• [Task brief]
What is needed is a verbatim copy of every record below, with the pictures left out.

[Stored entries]
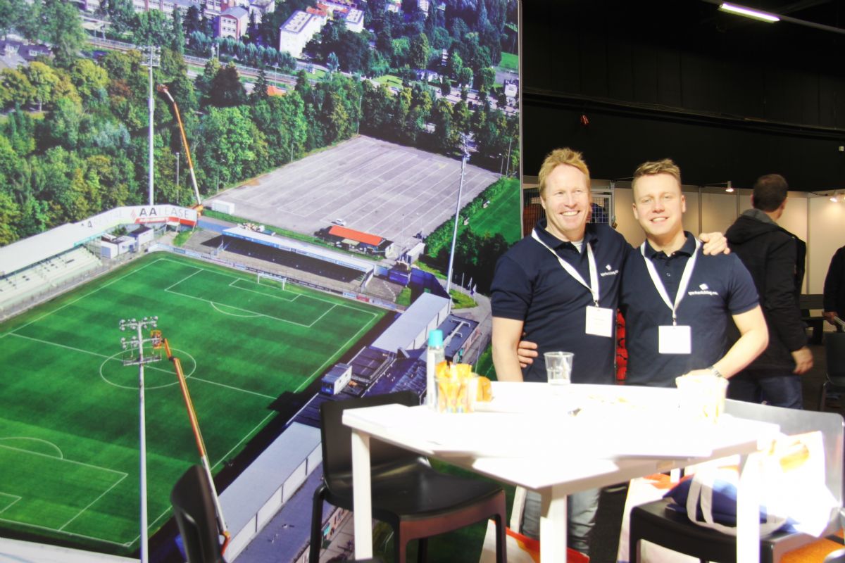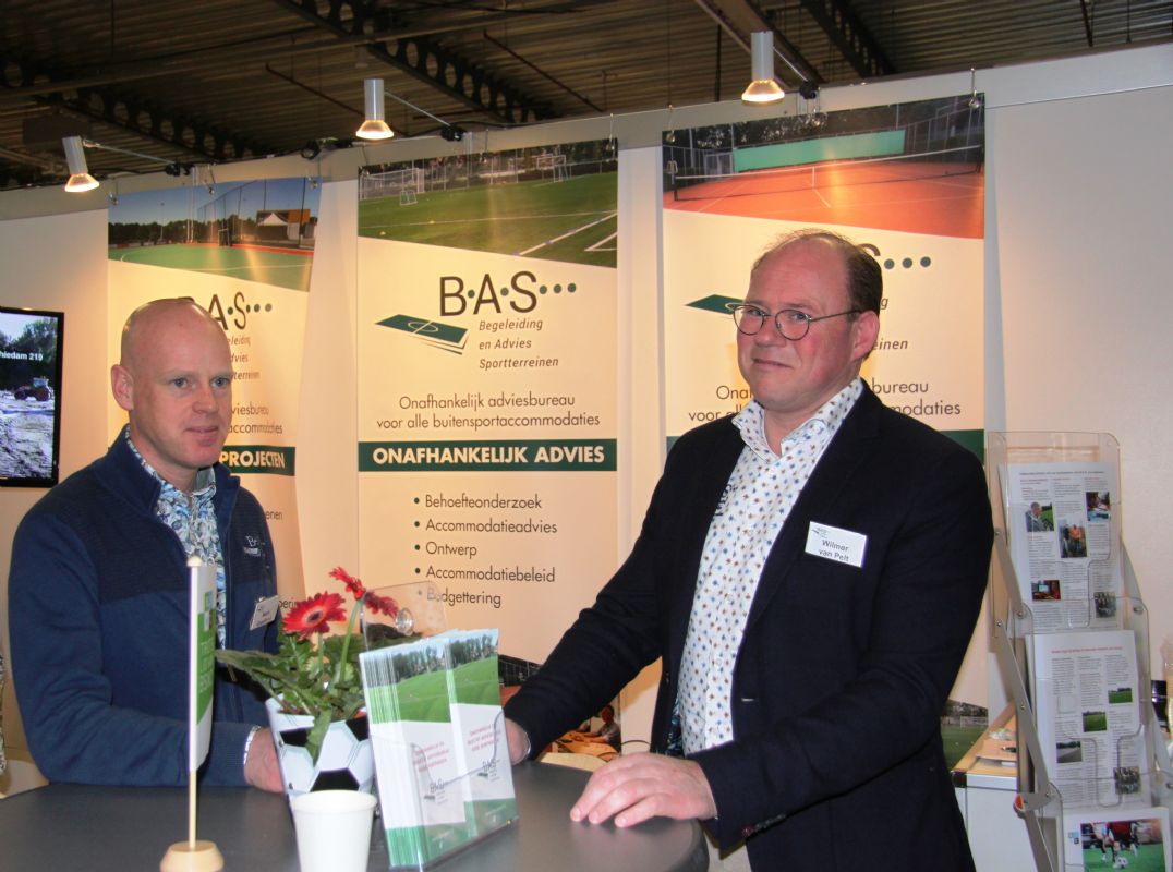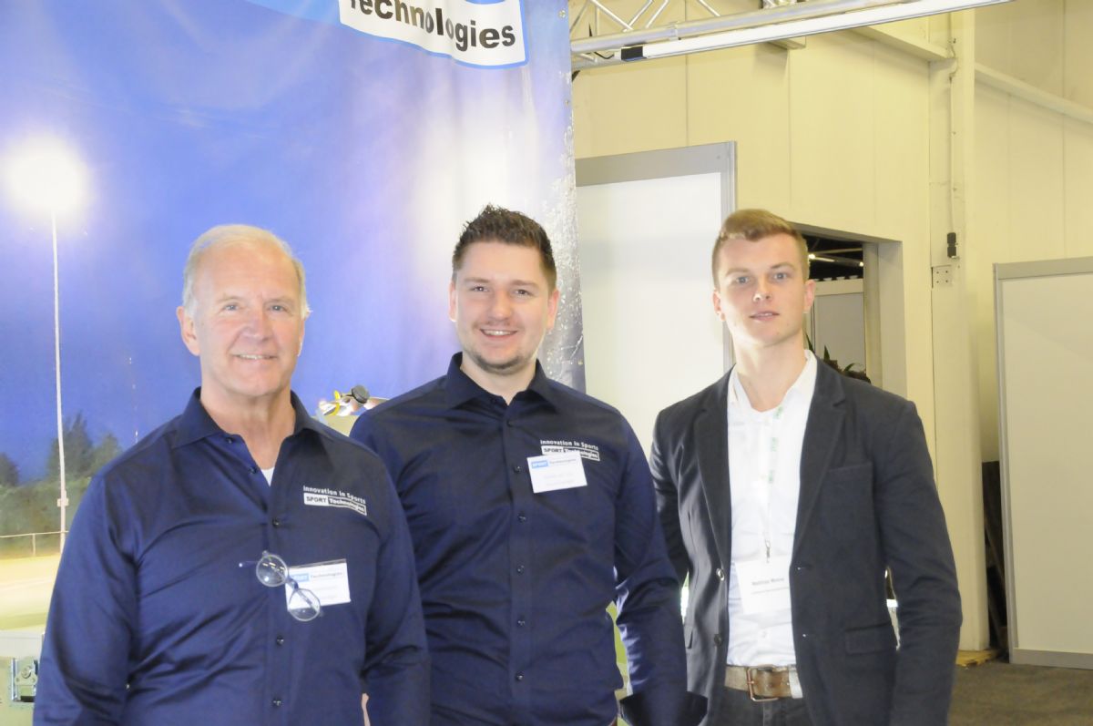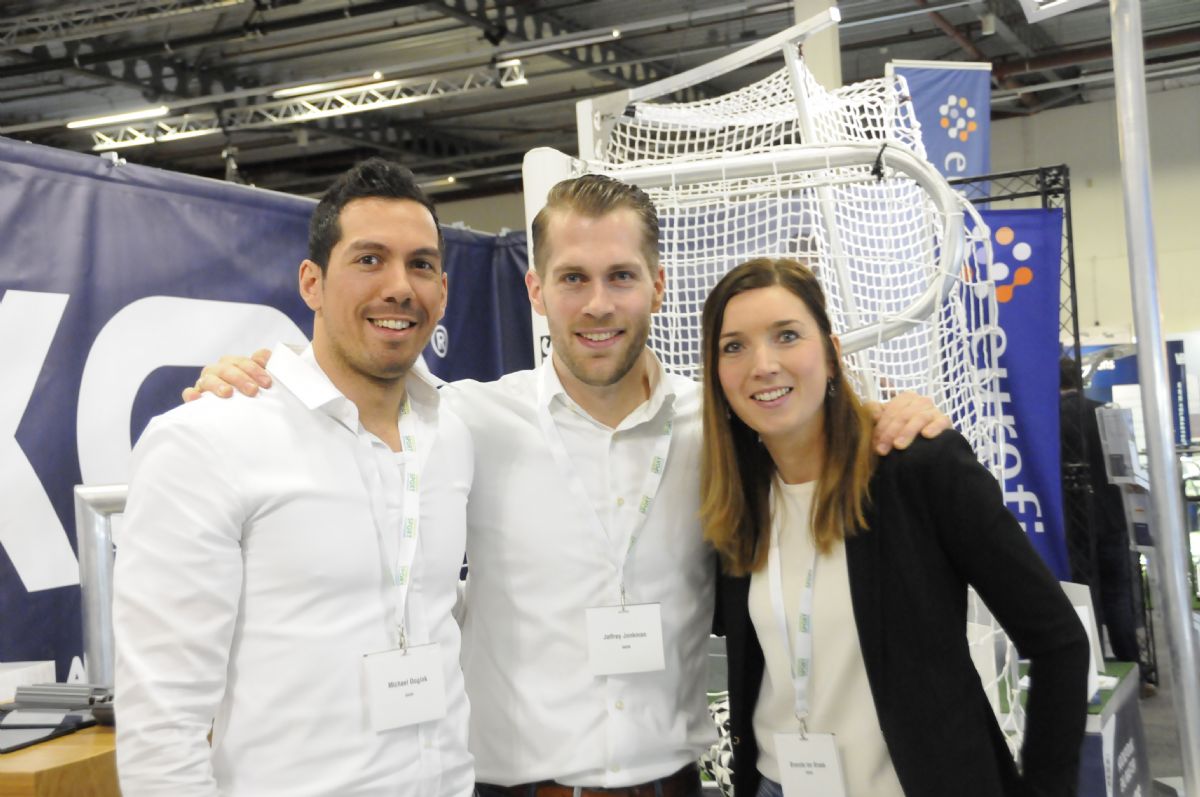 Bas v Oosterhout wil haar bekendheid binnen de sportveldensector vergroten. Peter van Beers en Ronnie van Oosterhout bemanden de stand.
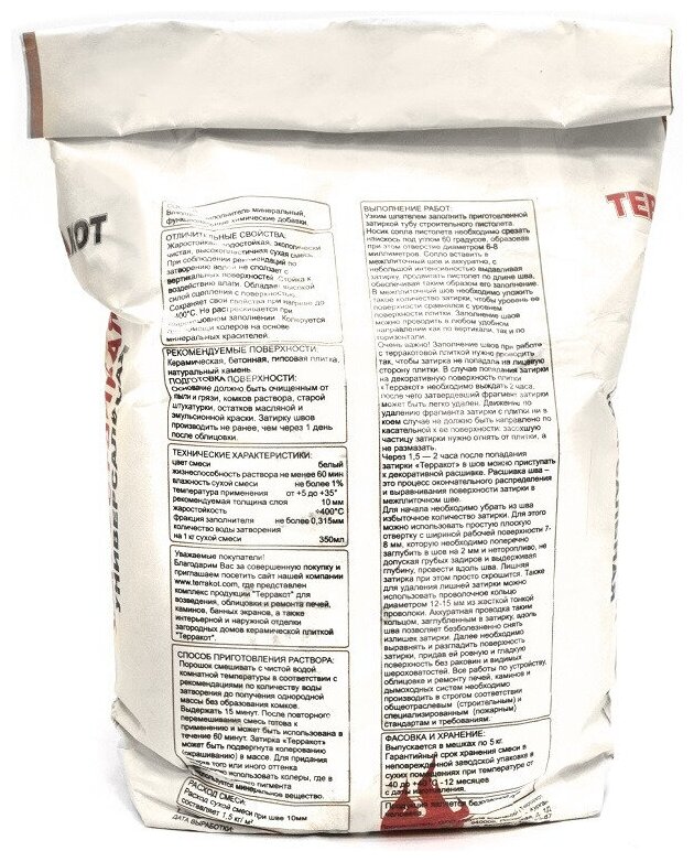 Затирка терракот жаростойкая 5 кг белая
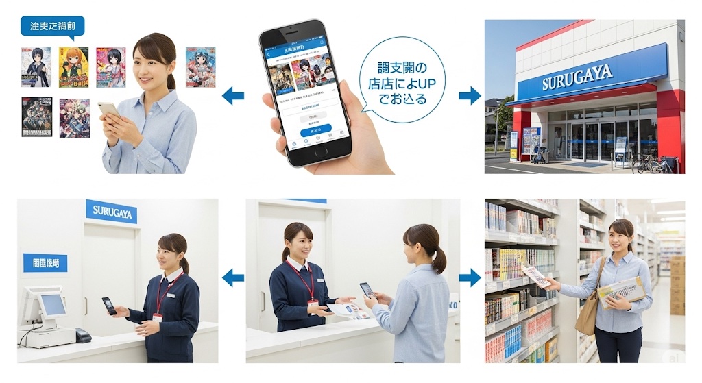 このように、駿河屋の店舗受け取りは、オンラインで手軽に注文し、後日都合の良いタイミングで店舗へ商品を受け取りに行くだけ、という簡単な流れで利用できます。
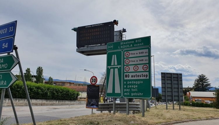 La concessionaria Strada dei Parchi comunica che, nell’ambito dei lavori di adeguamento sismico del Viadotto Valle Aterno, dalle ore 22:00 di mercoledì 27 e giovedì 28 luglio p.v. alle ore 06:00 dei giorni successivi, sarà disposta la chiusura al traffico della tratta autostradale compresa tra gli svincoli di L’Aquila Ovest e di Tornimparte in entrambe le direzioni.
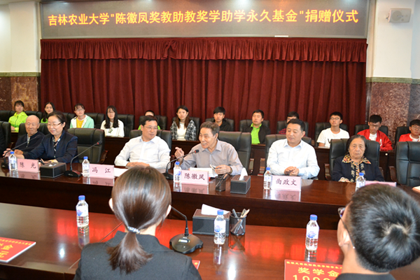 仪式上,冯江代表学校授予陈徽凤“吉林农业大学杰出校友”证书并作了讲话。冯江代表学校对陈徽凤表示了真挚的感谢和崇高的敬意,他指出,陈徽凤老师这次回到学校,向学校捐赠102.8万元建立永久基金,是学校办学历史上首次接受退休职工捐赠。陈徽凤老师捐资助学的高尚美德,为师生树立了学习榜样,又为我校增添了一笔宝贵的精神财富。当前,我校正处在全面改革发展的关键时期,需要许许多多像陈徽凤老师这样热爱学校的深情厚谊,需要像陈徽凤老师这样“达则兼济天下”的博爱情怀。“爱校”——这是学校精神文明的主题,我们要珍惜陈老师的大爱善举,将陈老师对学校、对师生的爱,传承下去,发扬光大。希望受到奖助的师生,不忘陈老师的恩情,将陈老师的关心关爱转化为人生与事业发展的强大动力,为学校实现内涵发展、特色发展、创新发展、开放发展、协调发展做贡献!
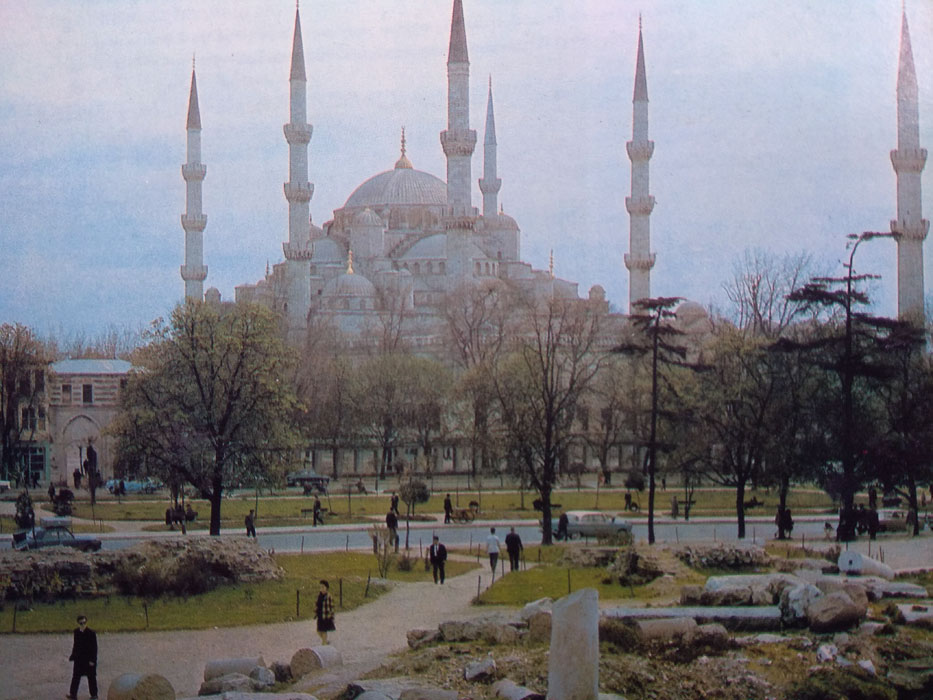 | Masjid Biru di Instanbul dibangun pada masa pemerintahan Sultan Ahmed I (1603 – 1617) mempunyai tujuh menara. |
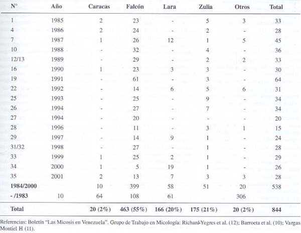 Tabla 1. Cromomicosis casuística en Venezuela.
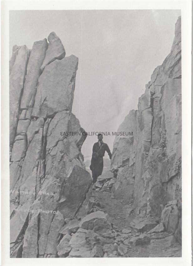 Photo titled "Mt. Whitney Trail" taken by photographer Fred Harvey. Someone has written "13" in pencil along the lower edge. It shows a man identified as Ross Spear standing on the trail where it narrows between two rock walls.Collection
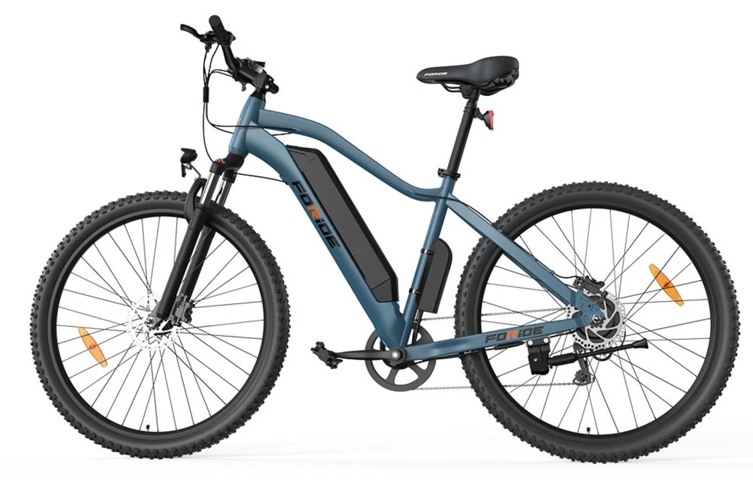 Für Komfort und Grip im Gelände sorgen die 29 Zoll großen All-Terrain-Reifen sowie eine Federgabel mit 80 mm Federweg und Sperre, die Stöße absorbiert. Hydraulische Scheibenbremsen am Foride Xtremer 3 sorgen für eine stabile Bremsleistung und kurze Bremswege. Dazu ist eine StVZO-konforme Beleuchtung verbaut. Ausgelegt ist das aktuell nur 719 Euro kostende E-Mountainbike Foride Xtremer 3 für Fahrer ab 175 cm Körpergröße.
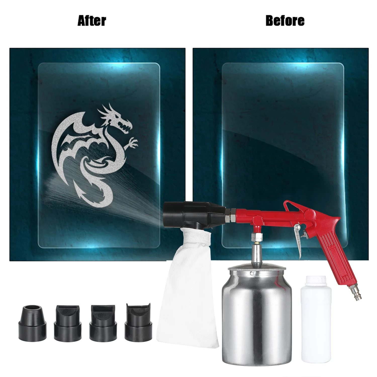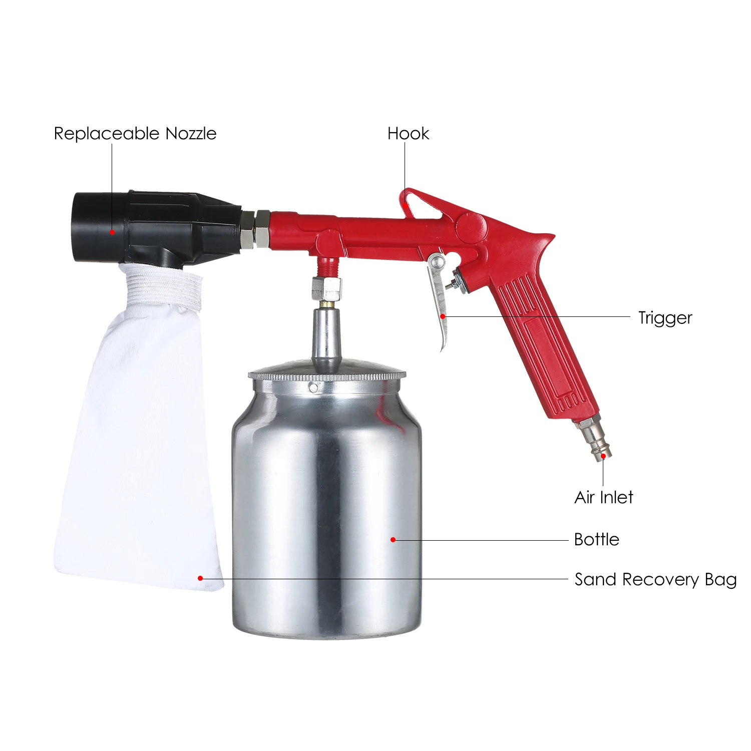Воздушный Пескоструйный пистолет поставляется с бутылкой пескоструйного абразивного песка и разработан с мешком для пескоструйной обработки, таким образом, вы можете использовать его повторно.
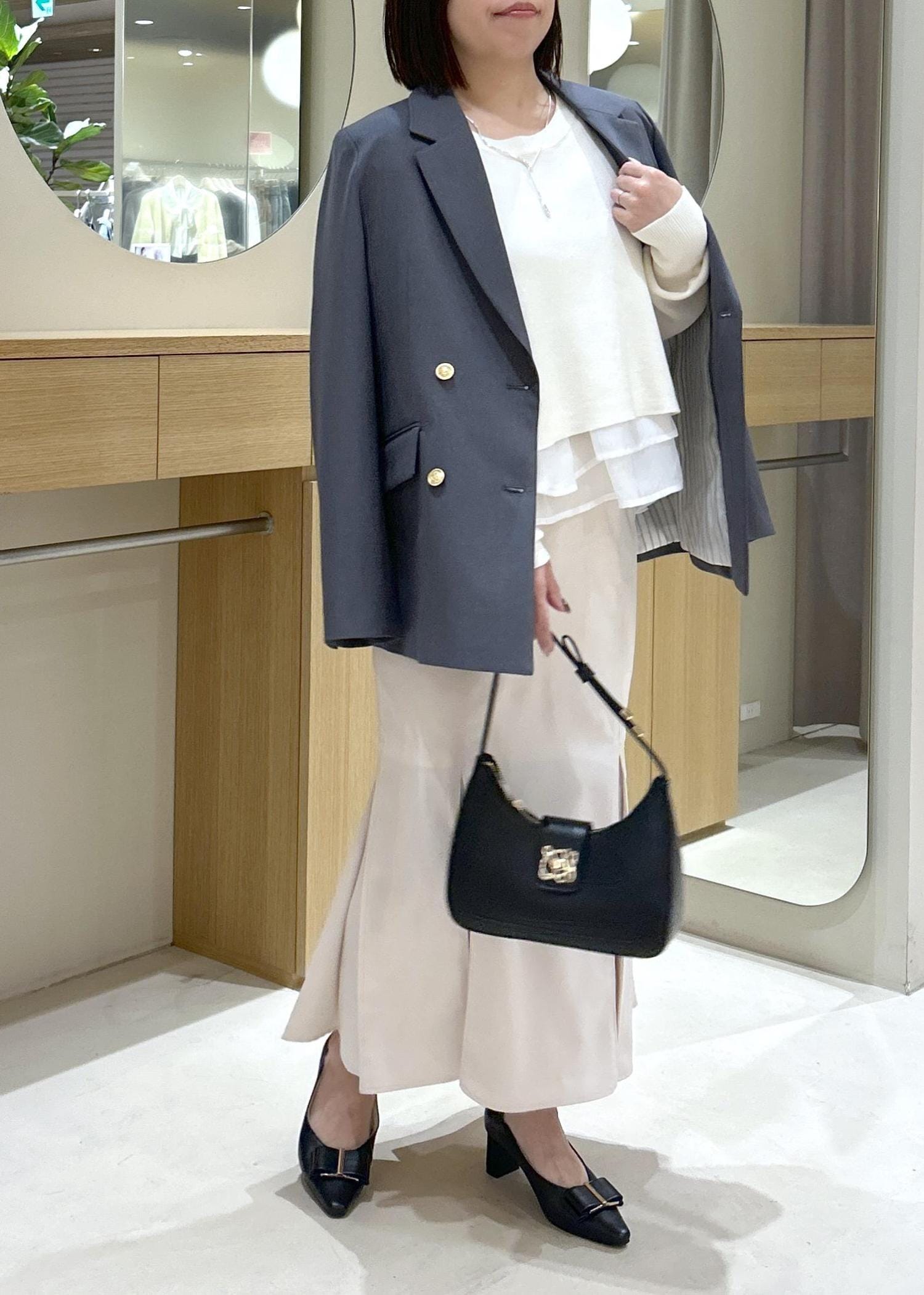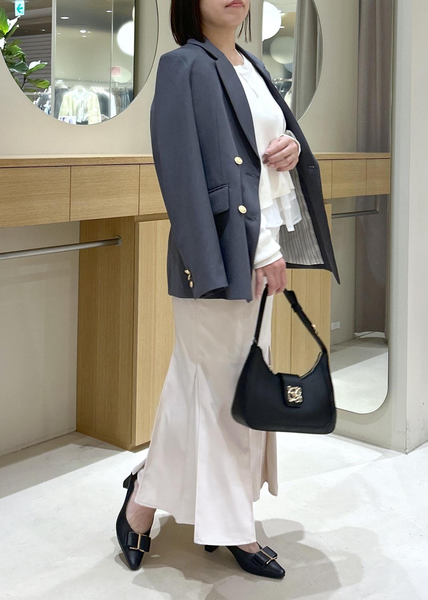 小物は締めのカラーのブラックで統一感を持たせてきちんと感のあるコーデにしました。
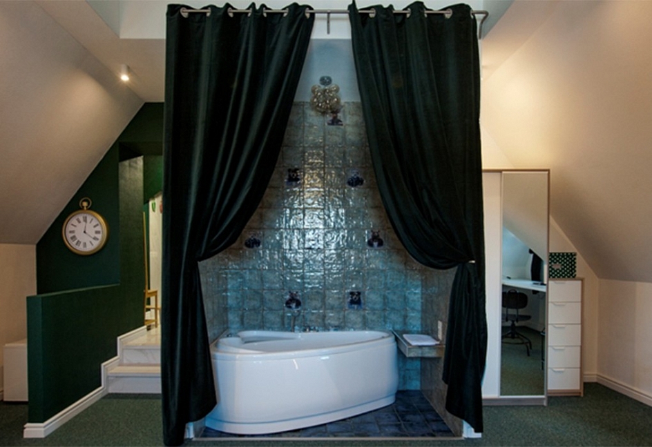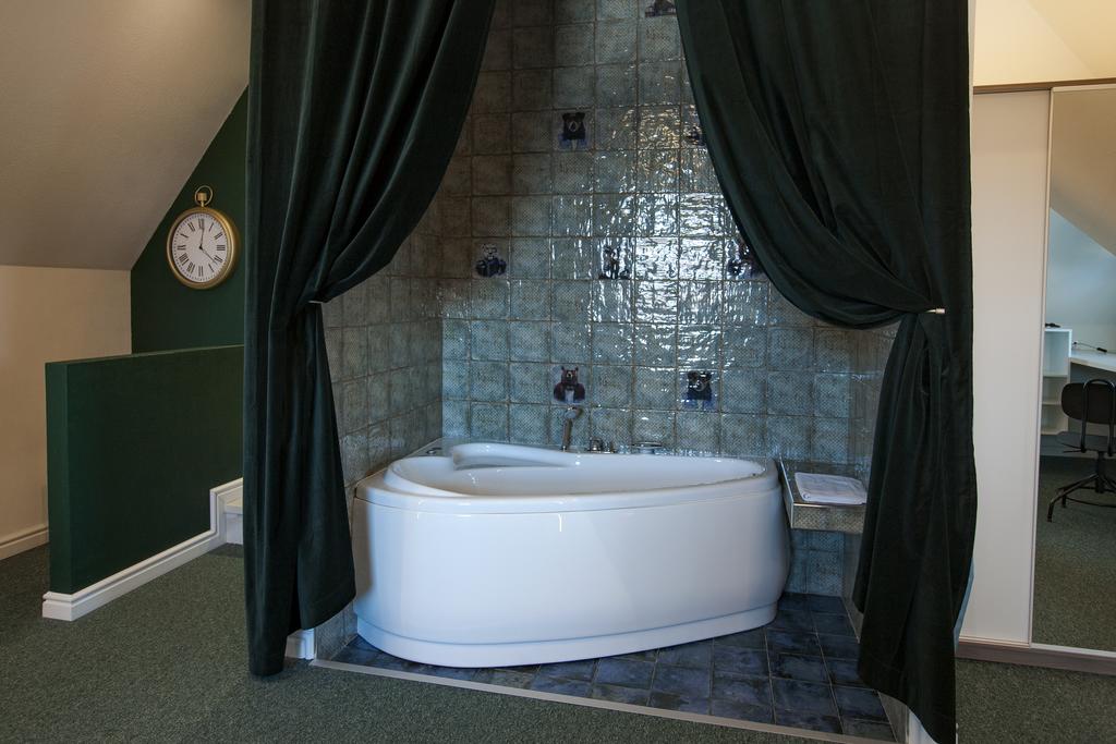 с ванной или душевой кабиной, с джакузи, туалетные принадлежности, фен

• [Result]
 Bas v Oosterhout wil haar bekendheid binnen de sportveldensector vergroten. Peter van Beers en Ronnie van Oosterhout bemanden de stand.
 Затирка терракот жаростойкая 5 кг белая
 このように、駿河屋の店舗受け取りは、オンラインで手軽に注文し、後日都合の良いタイミングで店舗へ商品を受け取りに行くだけ、という簡単な流れで利用できます。
 La concessionaria Strada dei Parchi comunica che, nell’ambito dei lavori di adeguamento sismico del Viadotto Valle Aterno, dalle ore 22:00 di mercoledì 27 e giovedì 28 luglio p.v. alle ore 06:00 dei giorni successivi, sarà disposta la chiusura al traffico della tratta autostradale compresa tra gli svincoli di L’Aquila Ovest e di Tornimparte in entrambe le direzioni.
 仪式上,冯江代表学校授予陈徽凤“吉林农业大学杰出校友”证书并作了讲话。冯江代表学校对陈徽凤表示了真挚的感谢和崇高的敬意,他指出,陈徽凤老师这次回到学校,向学校捐赠102.8万元建立永久基金,是学校办学历史上首次接受退休职工捐赠。陈徽凤老师捐资助学的高尚美德,为师生树立了学习榜样,又为我校增添了一笔宝贵的精神财富。当前,我校正处在全面改革发展的关键时期,需要许许多多像陈徽凤老师这样热爱学校的深情厚谊,需要像陈徽凤老师这样“达则兼济天下”的博爱情怀。“爱校”——这是学校精神文明的主题,我们要珍惜陈老师的大爱善举,将陈老师对学校、对师生的爱,传承下去,发扬光大。希望受到奖助的师生,不忘陈老师的恩情,将陈老师的关心关爱转化为人生与事业发展的强大动力,为学校实现内涵发展、特色发展、创新发展、开放发展、协调发展做贡献!
 | Masjid Biru di Instanbul dibangun pada masa pemerintahan Sultan Ahmed I (1603 – 1617) mempunyai tujuh menara. |
 Tabla 1. Cromomicosis casuística en Venezuela.
 Photo titled "Mt. Whitney Trail" taken by photographer Fred Harvey. Someone has written "13" in pencil along the lower edge. It shows a man identified as Ross Spear standing on the trail where it narrows between two rock walls.Collection
 Für Komfort und Grip im Gelände sorgen die 29 Zoll großen All-Terrain-Reifen sowie eine Federgabel mit 80 mm Federweg und Sperre, die Stöße absorbiert. Hydraulische Scheibenbremsen am Foride Xtremer 3 sorgen für eine stabile Bremsleistung und kurze Bremswege. Dazu ist eine StVZO-konforme Beleuchtung verbaut. Ausgelegt ist das aktuell nur 719 Euro kostende E-Mountainbike Foride Xtremer 3 für Fahrer ab 175 cm Körpergröße.
Воздушный Пескоструйный пистолет поставляется с бутылкой пескоструйного абразивного песка и разработан с мешком для пескоструйной обработки, таким образом, вы можете использовать его повторно.
 小物は締めのカラーのブラックで統一感を持たせてきちんと感のあるコーデにしました。
 с ванной или душевой кабиной, с джакузи, туалетные принадлежности, фен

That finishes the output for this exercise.